You can find the super long string in the comments section of his post (where I asked for it ðŸ˜) if you want to try it yourself. You should! And share your solution! Anyways, on with the story.
My Solution (Part 1)
If it's not abundantly clear, I'm about to share my solution. If you want to work it out for yourself without spoilers, go ahead and stop reading until you're done. I won't write anymore until you're finished. 😄
Finished? Great! ONWARD.
I decided to use Ruby because Ruby is fun and great. Initially, I just wanted to knock out the first solution I could think of -- regardless of how inefficient or slow it was -- and come back to clean it up after.

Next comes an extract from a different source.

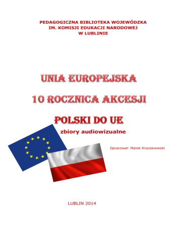 PEDAGOGICZNA BIBLIOTEKA WOJEWÓDZKA IM. KOMISJI EDUKACJI NARODOWEJ W LUBLINIE zbiory audiowizualne Opracował: Marek Krzyżanowski LUBLIN 2014 Multimediaa 1. ANIMOWANA DEBATA [Dokument elektroniczny] / red. Michał Bagrowski, Krzysztof Tusiewicz ; tł.: [z angielskiego] Katarzyna Rostocka, [z rumuńskiego] Simona Capaton, [z włoskiego] Salvatore Calamera .- Bielsko Biała : Bielskie Stowarzyszenie Artystyczne "Teatr Grodzki", 2005. - 1 dysk optyczny (CD-ROM) : dźw. , kolor ; 12 cm. Przewodnik jest prezentacją międzynarodowego projektu "Animowana Debata" - warsztaty animacji komputerowej dla grup dysfunkcyjnych w perspektywie rozwijania europejskiej współpracy zrealizowanego w ramach programu Socrates Minerva. W przewodniku znajduje się prezentacja najważniejszych doświadczeń procesu warsztatowego, kolejnych etapów i efektów pracy oraz zbiór praktycznych wskazówek dla realizatorów, rozważań natury pedagogicznej nad zastosowaną metodologią oraz analiza efektów pracy. Wymagania sprzętowe: Procesor Pentium 200 MHz ; 32 MB RAM ; Windows 95/98/2000/XP/NT ; Windows Media Player 7. CD-ROM. 352 2. DOTACJE UNIJNE [Dokument elektroniczny] : instytucje sfery budżetowej i edukacyjnej . - Zabrze : Sea Star, 2005 . - 1 dysk optyczny (CD-ROM) : dźw. ; kolor ; 12 cm. (PROGRAMY POMOCOWE UNII EUROPEJSKIEJ DLA MAŁYCH I ŚREDNICH PRZEDSIĘBIORSTW) Minimalne wymagania sprzętowe : Procesor Pentium II, 64 MB RAM, CD-ROM, karta grafiki SVGA 2 MB ; Windows 98/NT/2000/XP. CD-ROM 143 3. EUROPA NA CO DZIEŃ [Dokument elektroniczny] / scen. Kamila Bartoszewicz . + Warszawa : Centralny Ośrodek Doskonalenia Nauczycieli, 1998 . + 1 dysk optyczny (CD-ROM) : dźw., kolor ; 12 cm + podręcznik dla nauczyciela + podręcznik ucznia + kaseta VHS. 2 Uruchomienie programu pozwala wejść do jednej z trzech części: 1. Państwa Europy. 2. Instytucje europejskie - Parlament Europejski, Rada Unii Europy, Komisja Europejska itp. 3. Ojcowie Europy życiorysy polityków: Konrada Adenauera, Roberta Schumana. Program dla szkół gimnazjalnych i średnich. CD-ROM. 1 4. EUROPA NA CO DZIEŃ [Film] / reż. Klara Kopcińska ; muz. Krzesimir Dębski . - Warszawa : Centralny Ośrodek Doskonalenia Nauczycieli, 1998 . - 1 dysk DVD (120 min): dźw. stereo, wersja językowa: polski, obraz 4:3, kolor, interaktywne menu + podręcznik dla nauczyciela + podręcznik ucznia + program komputerowy CD-ROM. Pakiet multimedialny. Zawiera 12 filmów : 1. Dzieje Europy. 2. Przestrzeń Europy. 3. Kultura europejska. 4. System prawa w Europie. 5. Gospodarka rynkowa w Europie. 6. Instytucje demokratyczne w Europie. 7. Organizacje integracji europejskiej. 8. System bezpieczeństwa europejskiego. 9. Człowiek a środowisko naturalne Europy. 10. Europa regionów. 11. Państwa Europy. 12. Europa wobec świata. Program dla szkół gimnazjalnych i średnich. DVD 2346 5. GÓRNY ŚLĄSK - SILESIA [Dokument elektroniczny] / scen. Henryk Urbanek . - Katowice : Górnośląska Agencja Przekształceń Przedsiębiorstw, 1997 . - 1 dysk optyczny (CD-ROM) : dźw. , kolor ; 12 cm. Program zawiera informacje ogólne o regionie, plany przebudowy, historię, gospodarkę, strukturę aglomeracji oraz warunki komunikacji w regionie. CD-ROM jest wydany w języku polskim i angielskim. Zawiera zdjęcia, grafikę, filmy, mapy i muzykę. 3 Wymagania systemowe: Procesor 486 DX ; Pamięć 8 MB RAM ; podwójny CD- ROM ; Pentium 75 lub szybszy z 16/24 bit kolorami ; Windows 95. CD-ROM. 4 6. KONSTYTUCJE [Dokument elektroniczny]. - Warszawa : Infor, 2005 . - 1 dysk optyczny (CD-ROM) : dźw., kolor ; 12 cm. Program multimedialny zawiera : 1. Konstytucja Rzeczypospolitej Polskiej z dnia 2 kwietnia 1997 r. 2. Konstytucja 3 Maja. 3. Konstytucje w polskiej historii. 4. Konstytucja Unii Europejskiej. 5. Konstytucja Stanów Zjednoczonych Ameryki. Wymagania systemowe: Procesor 166 MHz ; System Windows 98/ME ; Internet Explorer. CD-ROM. 40 7. MŁODY EUROPEJCZYK [Dokument elektroniczny] ; MŁODY EUROPEJCZYK [Film] . - Będzin : Inter-Biznes, 2008 . - 1 dysk optyczny CD-ROM ; 4 dyski DVD (300 min) : dźw. DD 5.1 , kolor ; obraz 4:3 + interaktywne funkcje DVD. Komplet zawiera: PROGRAM KOMPUTEROWY (1 CD-ROM) wprowadza w świat zjednoczonej Europy. Zawiera: prezentację 27 państw członkowskich, hymny państwowe, zestaw łamigłówek, układanek, kart pracy przygotowanych do wydruku. W komplecie znajdują się ponadto 4 DYSKI DVD zawierające ponad 5 godzin prezentacji państw członkowskich UE. Wymagania systemowe: Procesor PIII 1 GHz ; Pamięć 512 MB ; Karta dźwiękowa ; 2 GB wolnego miejsca na dysku ; napęd DVD ; Net Framework 2.0, Flash Player 9 ; Windows Media Player 10 lub nowszy ; Adobe Reader 8.1.2 lub nowszy. CD-ROM. 1386 /1 ; DVD. 1386 /2-5 4 8. NIEZBĘDNIK EUROPEJSKI : vademecum - polskie źródła informacji o UE / oprac. Anna Kierzkowska, Elżbieta Ławor ; Departament Dokumentacji Europejskiej Urzędu Komitetu Integracji Europejskiej . Warszawa : Urząd Komitetu Integracji Europejskiej ; Departament Dokumentacji Europejskiej, 2004. - 10 dysków optycznych (CD-ROM) : dźw. , kolor ; 12 cm + Informator : 46 s. Niezbędnik jest swoistą kontynuacją "Vademecum - źródła informacji o UE". Informacje pogrupowane są w 31 działach tematycznych na 10 dyskach CD-ROM. Zakres tematyczny dysków zawiera: DYSK 1: Polska a Unia Europejska, historia UE, rozszerzenie UE ; DYSK 2: Obywatelstwo europejskie, sprawiedliwość i sprawy wewnętrzne ; DYSK 3: Edukacja, kultura, sport, społeczeństwo informacyjne, polityka audiowizualna ; DYSK 4: Podatki, stosunki zewnętrzne, unia celna ; DYSK 5: Konsumenci, środowisko, zdrowa żywność ; DYSK 6: Badania naukowe, biotechnologia, przestrzeń kosmiczna, energia ; DYSK 7: Konkurencja, przedsiębiorstwo, unia gospodarcza i walutowa, transport ; DYSK 8: Rynek wewnętrzny ; DYSK 9: Polityka socjalna ; DYSK 10: Rolnictwo, rybołówstwo, regiony. Publikacja przedstawia spis adresów internetowych stron www instytucji Unii Europejskiej, po

# I stored the huge string in a separate file called
# `blob.txt` so as to not clutter my main script
blob = File.read('blob.txt')
letters = 'abcdefghijklmnopqrstuvwxyz_'.chars
def naive_message(letters, blob)
letters
.sort_by { |letter| blob.count(letter) }
.reverse # to get desc. order
.join
.split('_')
.first
end
puts naive_message(letters, blob)
I won't spoil the answer, but let's just say that I "pray, plead, beseech, urge" you to try it on your own. Possibly in the past tense. I think the markdown format of the initial text blob may have skewed the number of "_" characters, causing my answer to have slightly more characters on the end than should actually be there. UPDATE: That's totally what happened. Accurate text blob here.
My Solution (Part 2)
Anyways, I looked back at my solution and thought to myself, "Ryan, that doesn't look very performant. I have to imagine that running blob.count(letter)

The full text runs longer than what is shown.